Microeconomics is about markets and macroeconomics focuses on whole economies. Partial and general equilibrium analysis can be used in both cases. Partial equilibrium analysis looks at the impact on the model of one or a few variables changing, while all other variables remain the same.

Which is easier microeconomics or macroeconomics? ›

Many students prefer to take microeconomics first because it feels more applicable to their daily lives, so the concepts should be easier to grasp.

What is the main difference between macro and micro environment? ›

The micro environment is specific to a business or the immediate location or sector in which it operates. In contrast, the macro environment refers to broader factors that can affect a business. Examples of these factors include demographic, ecological, political, economic, socio-cultural, and technological factors.

What is microeconomics and examples? ›

Microeconomics is the study of individual and business economic activity. Two examples are: an individual creating a budget to put themselves in a better financial position; and a business cutting costs in order to maximize profit.
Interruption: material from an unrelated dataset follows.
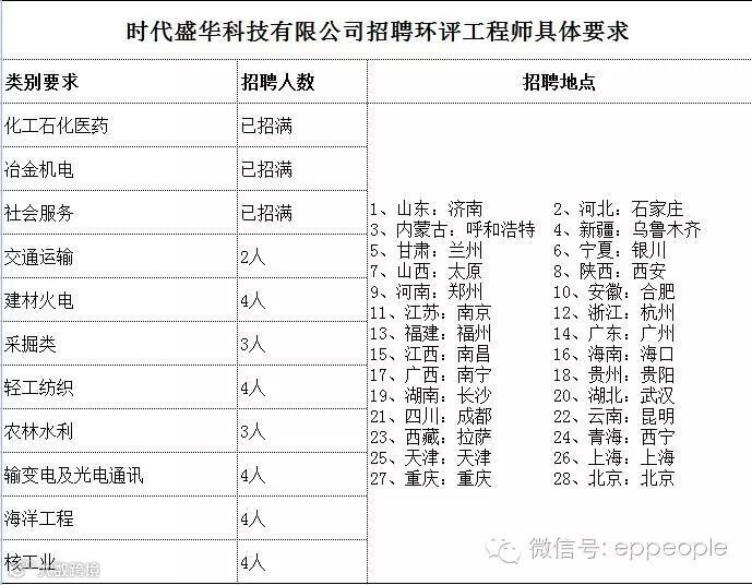 | 本帖最后由 木板 于 2016-7-14 15:10 编辑 时代盛华科技有限公司(乙级资质,公司官网file:///C:\Users\ADMINI~1\AppData\Local\Temp\%W@GJ$ACOF(TYDYECOKVDYB.pnghttp://www.cnshidai.cn/)成立于2015年10月,由国家工商总局注册,注册资本5000万元人民币,是专业从事检测技术和建设项目环境影响评价的服务机构。时代盛华科技有限公司有一支由教授级高级工程师、高级工程师、工程师等各层次专业技术人员组成的高素质专业技术队伍,其中博士1人、硕士6人,本科以上学历人员占公司总人员的80%以上,工程师以上人员占总人数的30%以上。公司技术人员获得省部级科技奖二等奖2项、三等奖3项、市级科技奖1等奖5项、二等奖3项。公司主要技术负责人参与“十二五”国家重大水专项研究,担任专题组组长。 吉林省文化产业投资控股(集团)有限公司(简称“吉林文投集团”file:///C:\Users\ADMINI~1\AppData\Local\Temp\%W@GJ$ACOF(TYDYECOKVDYB.pnghttp://www.jcicl.com/,英文简称“JCICL”)成立于2012年,注册资本5亿元人民币,时代盛华科技有限公司是吉林文投集团全资控股子公司,集团旗下拥有二十余家全资控股子公司,集团员工人数500余人。目前,吉林文投集团已经形成以文化产业为核心,集文化旅游产业综合体建设开发、数字应用技术、环保科技、艺术品交易、影视娱乐、文化金融等相关业务全面发展的综合性集团公司。 根据集团董事会及时代盛华科技有限公司总经办发展规划,现进行第三轮扩招,具体如下:一.全国范围招聘环评工程师: 1.每个省会城市2名环评工程师招满即止 时代盛华科技有限公司招聘环评工程师具体要求类别要求 招聘人数 招聘地点化工石化医药 已招满1、山东:济南 2、河北:石家庄 3、内蒙古:呼和浩特 4、新疆:乌鲁木齐 5、甘肃:兰州 6、宁夏:银川 7、山西:太原 8、陕西:西安 9、河南:郑州 10、安徽:合肥 11、江苏:南京 12、浙江:杭州 13、福建:福州 14、广东:广州 15、江西:南昌 16、海南:海口 17、广西:南宁 18、贵州:贵阳 19、湖南:长沙 20、湖北:武汉 21、四川:成都 22、云南:昆明 23、西藏:拉萨 24、青海:西宁 25、天津:天津 26、上海:上海 27、重庆:重庆 28、北京:北京冶金机电 已招满社会服务 已招满交通运输 2人建材火电 4人采掘类 3人轻工纺织 4人农林水利 3人输变电及光电通讯 4人海洋工程 4人核工业 4人 2、岗位要求: (1)有良好的语言表达能力、沟通能力和较强的写作能力; (2)退休者亦可返聘; (3)有市场开拓能力和相关部门人脉者优先。 3、薪资待遇: (1)工资待遇:基本工资+环评师补贴年薪二十万元以上, (2)福利待遇:五险一金、休国家法定节假日、享受带薪休假、出差补助、通讯补助、单位旅游、住房补贴、股权激励; (3)外地人员也可在当地分公司任职,能力强者可作为当地管理人员主管环评业务。 二.全国范围诚邀合作伙伴 (吉林省、云南省、辽宁省除外) 1. 有当地相关部门人脉资源; 2. 有较强的市场开发能力,有一定的市场份额; 3.人品端正,想长期合作; 4.有相应的办公职场及办公设备; 5.有环评编写技术人员; 6.企业或个人。 合作范围:全国 详情百度搜索 吉林文投集团 或拨打4000500606全国 96999全省 人力资源中心:010-86060000 个人电话:15948029001 包助理 欢迎诚意者垂询 人力资源邮箱:hr@jcicl.com(暂用) 个人邮箱:23877130@qq.com 集团网站:file:///C:\Users\ADMINI~1\AppData\Local\Temp\%W@GJ$ACOF(TYDYECOKVDYB.pnghttp://www.jcicl.com/ 时代盛华科技有限公司官网:file:///C:\Users\ADMINI~1\AppData\Local\Temp\%W@GJ$ACOF(TYDYECOKVDYB.pnghttp://www.cnshidai.cn/(完善中) 三.集团资质 [img]file:///C:\Users\Administrator\Documents\Tencent Files\464780631\Image\C2C\G])89}N2[5W3$`%O4L]WF_9.jpg[/img] file:///C:\Users\Administrator\Documents\Tencent Files\464780631\Image\C2C\LBKY4U1A%X}KG6V1SQO2YIS.jpg |

Is microeconomics more difficult than macroeconomics? ›

Answer and Explanation:

However, macroeconomics is considered harder than microeconomics because the latter deals with individual economic units, while the former deals with aggregate economic analysis. Individual economic units include individual consumers or households.

What is microeconomics in simple words? ›

What is microeconomics? Microeconomics is the branch of economics that considers the behaviour of decision takers within the economy, such as individuals, households and firms. The word 'firm' is used generically to refer to all types of business.

What do microeconomics and macroeconomics have in common? ›

The fundamental similarity between the two branches of economics is that both study the forces that influence how to make economic decisions about scarce resources. While microeconomics studies these phenomena at the individual and business level, macroeconomics focuses on the strategic scale.

What is an example of a microeconomics? ›

What are some microeconomics examples? Market failure in healthcare, price discrimination in airline tickets, market oligopoly, individual income, and saving decisions are some examples of microeconomics.

What is the difference between economy and economics? ›

What is the difference between economy and economics? Economy refers to the system of production, distribution, and consumption of goods and services, while economics is the academic discipline that studies the principles and theories behind economic activities. What does the term Economy means?